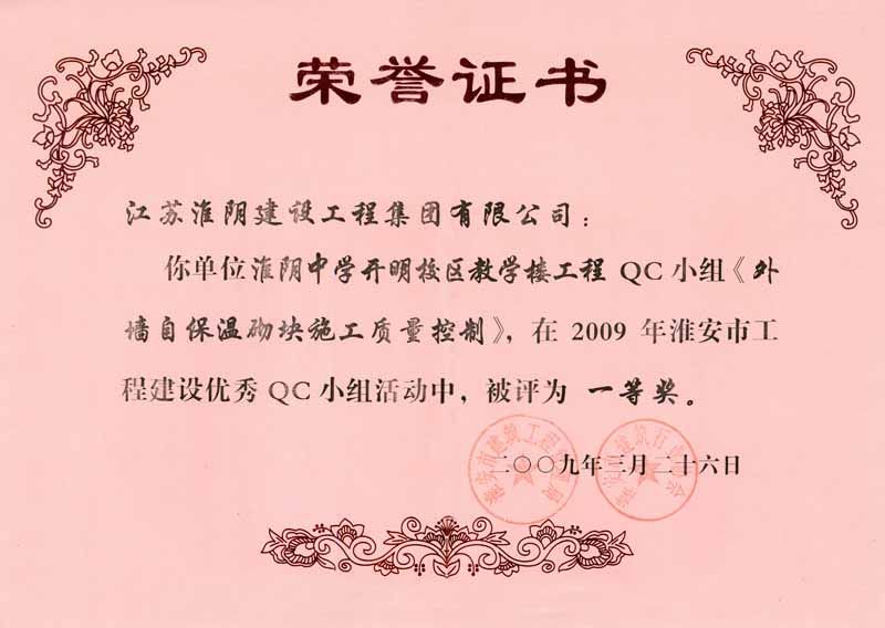 2009年市QC一等奖(淮阴中学开明校区教学楼-外墙自动保温砌块施工质量控制)
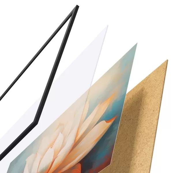 Plakát se skládá z rámu, plexiskla, tištěného obrazu a dřevotřískového podkladu. Díky úchytům na zadní straně lze plakát ihned zavěsit na zeď.
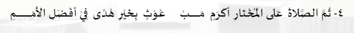 Bait 4: Kemudian shalawat selalu tercurah kepada Al-Mukhtar (Nabi Muhammad shallallahu ‘alaihi wasallam) yang merupakan sebaik-baik yang diutus, membawa petunjuk yang paling baik pada umat yang terbaik.
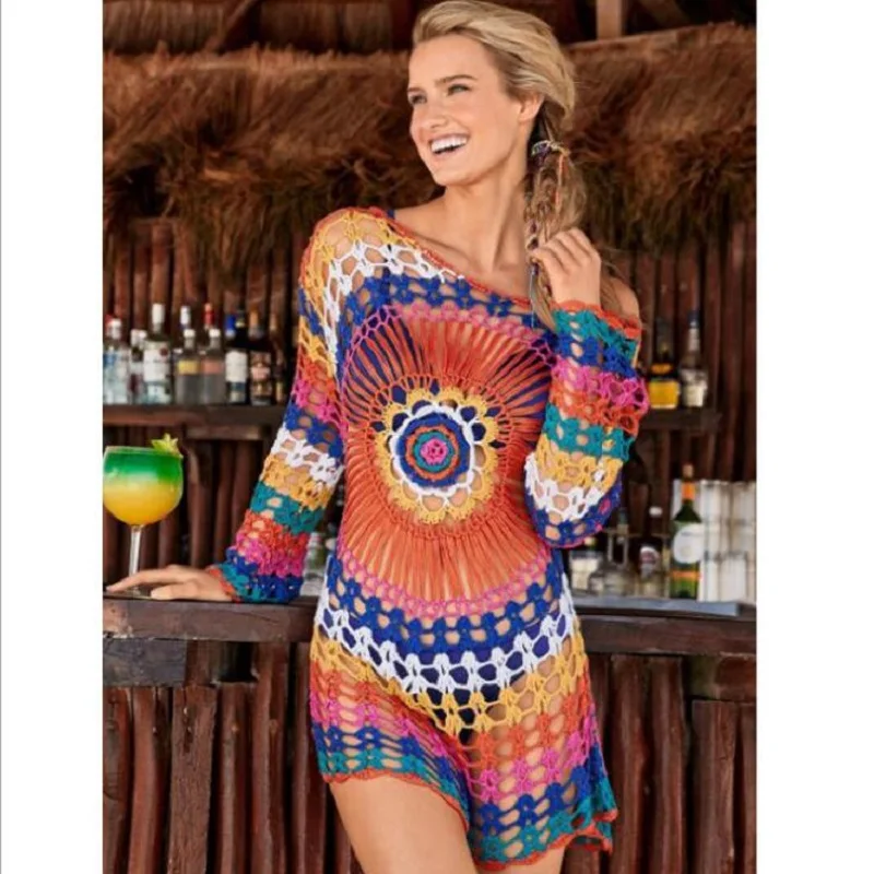 HIGH QUALITY Knitted hollow beach fishing net dress hand hooks beach long sunscreen dress
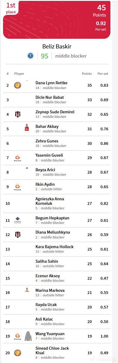【王媛媛局均拦网排名土超第一】土耳其女排联赛上半赛季拦网(BLOCK)榜1、 总拦网 🇹🇷 45个 × 贝利兹🇺🇸 35个 × 雷特克🇹🇷 33个 × 迪洁🇹🇷 32个 × 泽内普·苏代🇹🇷 31个 × 巴哈尔🇹🇷 30个 × 泽赫拉🇹🇷 29个 × 亚瑟敏🇹🇷 28个 × 贝伊扎🇹🇷 28个 × 伊尔金🇵🇱 27个 × 科内卢克🇹🇷 27个 × 贝居姆🇺🇦 26个 × 梅柳什基娜🇺🇸 25个 × 巴杰马🇹🇷 25个 × 萨利哈2、局均拦网🇨🇳 1个 × 王媛媛(19拦)🇹🇷 0.92个 × 贝利兹🇹🇷 0.86个 × 泽赫拉🇺🇸 0.83个 × 雷特克🇵🇱 0.82个 × 科内卢克🇺🇸 0.81个 × 巴杰马🇹🇷 0.76个 × 巴哈尔🇹🇷 0.69个 × 迪洁🇹🇷 0.69个 × 埃达🇹🇷 0.67个 × 亚瑟敏🇹🇷 0.67个 × 贝伊扎🇹🇷 0.65个 × 泽内普·苏代🇹🇷 0.65个 × 伊尔金🇹🇷 0.64个 × 萨利哈女排国际排坛动态王媛媛
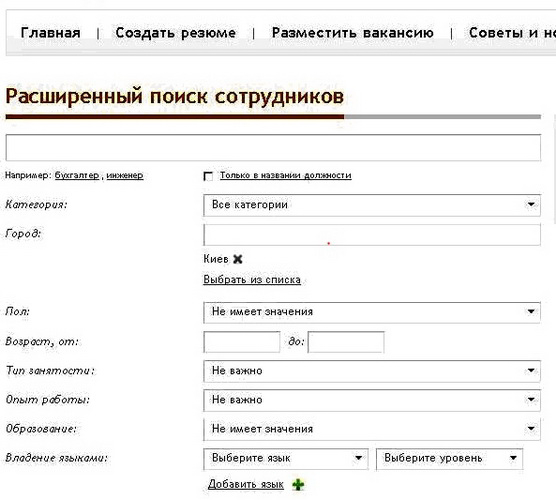 Каждый сайт по трудоустройству предлагает возможность поиска резюме по собственным базам соискателей. Визуально поисковая система у каждого сайта отличается, но в целом параметры поиска у разных сайтов очень похожи. Зачастую искать достаточно удобно, можно выбирать по многим параметрам, начиная от названия должности и города поиска работы до уровня образования и владения иностранными языками (смотрите Рис. 1)
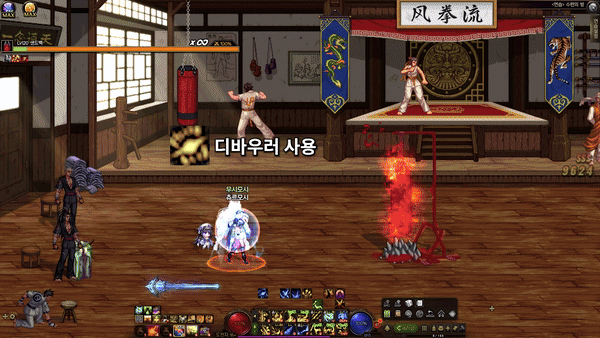 <도깨비 바람 시전 후 디바우러, 발골 사용 모습>
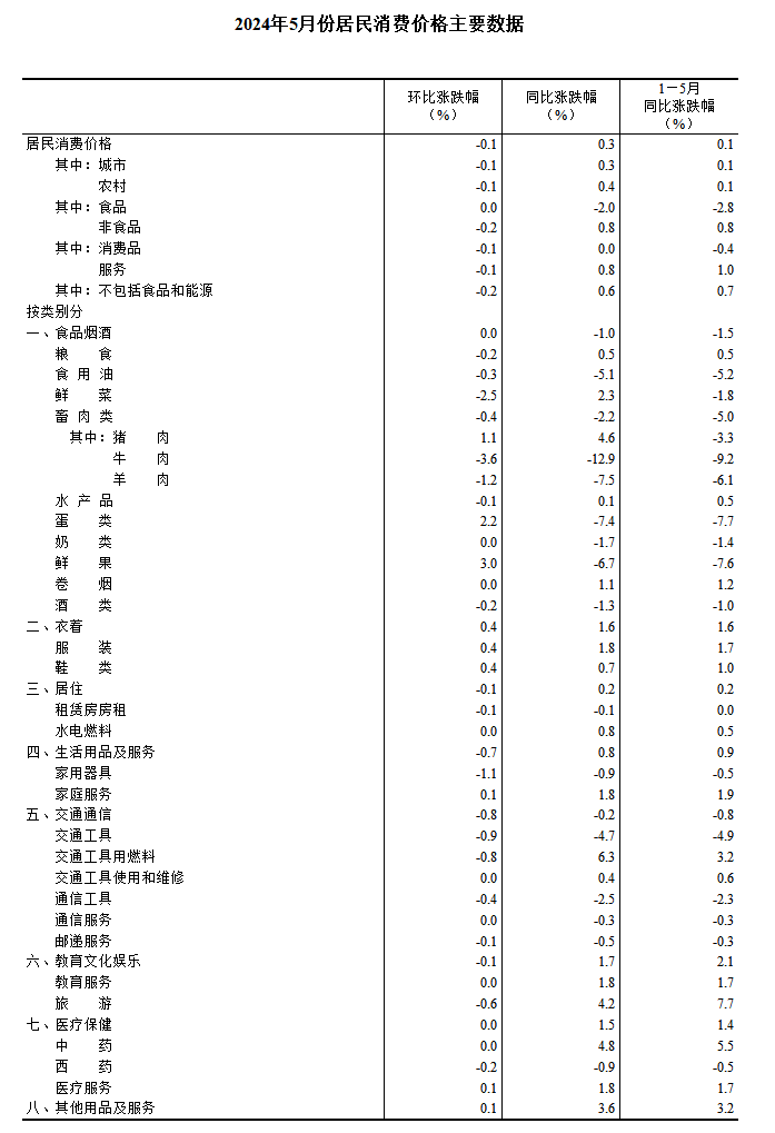 中國國家統計局:5月全國居民消費價格同比上漲0.3%分享到:
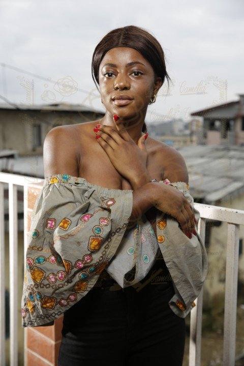 jeune petite fille africaine pause photo coiffure matoba robe rose chaussure noire
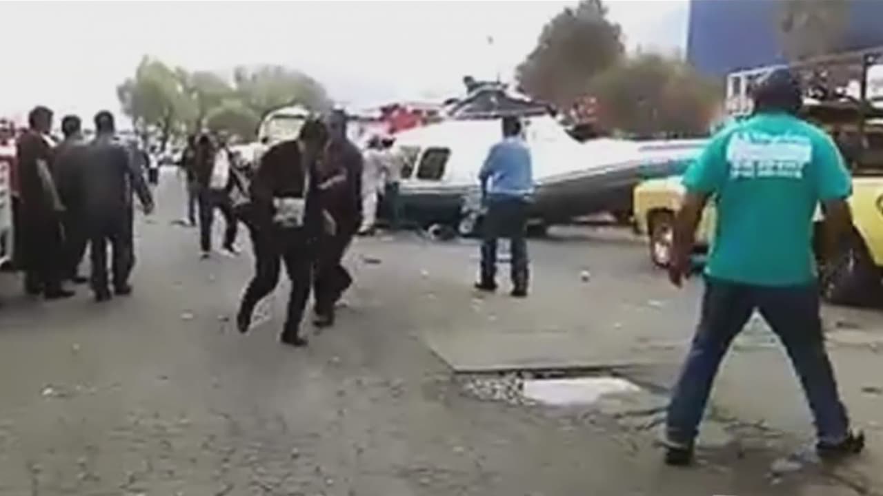 Captada en cámara quedó la impactante caída de un helicóptero en un almacén de gas en México
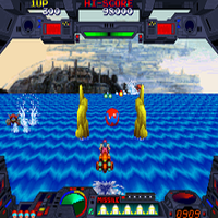 This game is made by Namco in the year 1991. This is a 3D-Shootem'up. With the stick you move and give speed (or fly up and down), with A you shoot normal and with B you shoot missiles. It is similar to the game "Afterburner" (but science-fiction-themed). The missiles are best weapons, but they are limited. Your energy-shield has three parts, when all are shot you lose a life. Before the endboss a intro-sequence is coming where you are shown where the weak points of this boss are. With the first glider you can control the speed, with the second the highness. You can upgrade your normal shoot to triple- or quatro-shooting.
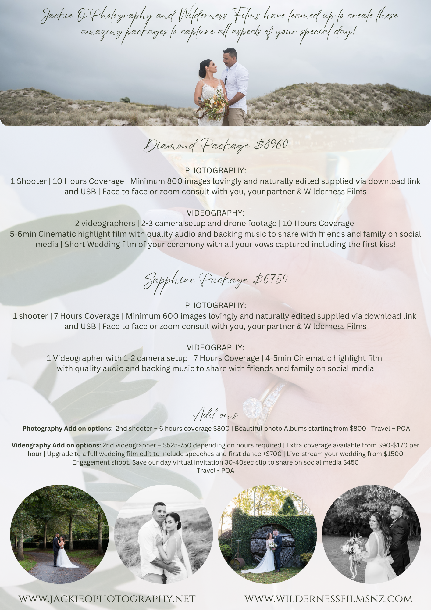 We also work with Wildnerness Films to offer Photography & Videography Packages.
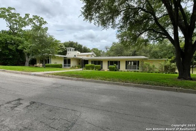 This stunning corner lot in Terrell Hills host a house with unique curb appeal and so many possiblities... "Lean into" the Mid Centurty Modern vibe, or consider it a "Rambling Ranch", This one is waiting for your new direction. This property has 2 living areas, 2 dining areas, 5 full Bedrooms, + office, and 4 full bathrooms. Don't miss the 3rd Story Widows Walk, it is such a nice surprise! The house also has an oversized 2 car garage, with extensive storage, as well as a 2 car carport. The beautiful windows and "U" Shape Floorplan hug the pool and provide tons of outdoor living space. Great Bang for your Buck in this one!
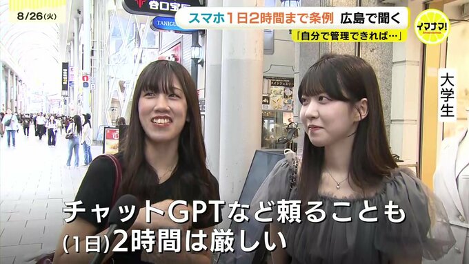 「スマホとの向き合い方を考え直すきっかけとなるのか注目される条例。広島の若い世代に反応を聞きました」
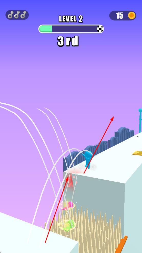 1、点击操控奔跑跳跃:通过点击屏幕控制橡皮人角色奔跑与跳跃,点击频率与力度影响角色动作,玩家需根据赛道情况灵活调整点击节奏,助力角色在赛道上保持平衡,顺利前进。
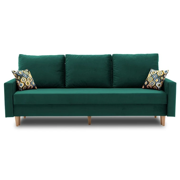 Pevná konštrukcia z dreva a OSB dosky. Poťah z kvalitnej látky Kronos v mnohých moderných farebných odtieňoch. Jednoduché rozkladanie pohovky na lôžkovú podobu. Moderný dizajn vhodný do všetkých súčasných interiérov.
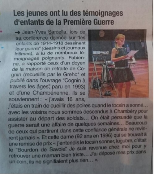 Dans les manifestations à venir, une soirée en hommage aux « Ecrivains Combattants » (morts pour la France et ceux qui en sont revenus avec entre autres Henry Bordeaux) aura lieu salle de la Forgerie vendredi 2 décembre à partir de 18 h 30 avec la participation du GREHC et de nombreuses associations d’histoires du département qui interviendront sur ce sujet. Autre événement départemental, le 13 mai 2017 à 19 heures à la Forgerie, avec une conférence sur « les enfants de 14-18 dessinent leur guerre ». Elle sera animée par Frédéric Mareschal et Jean-Yves Sardella.
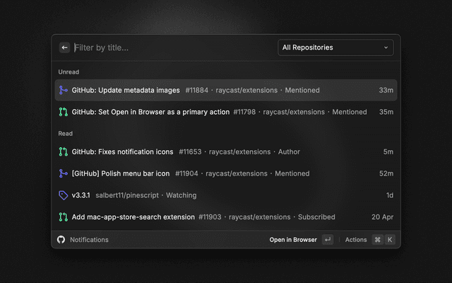Double-check that you have enabled the correct settings for your organizations on the GitHub Oauth page to ensure that Raycast is able to show you the data from those repositories.

● GOAL OF THE EXERCISE:
Please return exactly the lines above, from where the listing starts to the line holding "HIGH QUALITY Knitted", inclusive, with the pictures omitted.

● WRITTEN SOLUTION:
 2009年市QC一等奖(淮阴中学开明校区教学楼-外墙自动保温砌块施工质量控制)
 Plakát se skládá z rámu, plexiskla, tištěného obrazu a dřevotřískového podkladu. Díky úchytům na zadní straně lze plakát ihned zavěsit na zeď.
 Bait 4: Kemudian shalawat selalu tercurah kepada Al-Mukhtar (Nabi Muhammad shallallahu ‘alaihi wasallam) yang merupakan sebaik-baik yang diutus, membawa petunjuk yang paling baik pada umat yang terbaik.
 HIGH QUALITY Knitted hollow beach fishing net dress hand hooks beach long sunscreen dress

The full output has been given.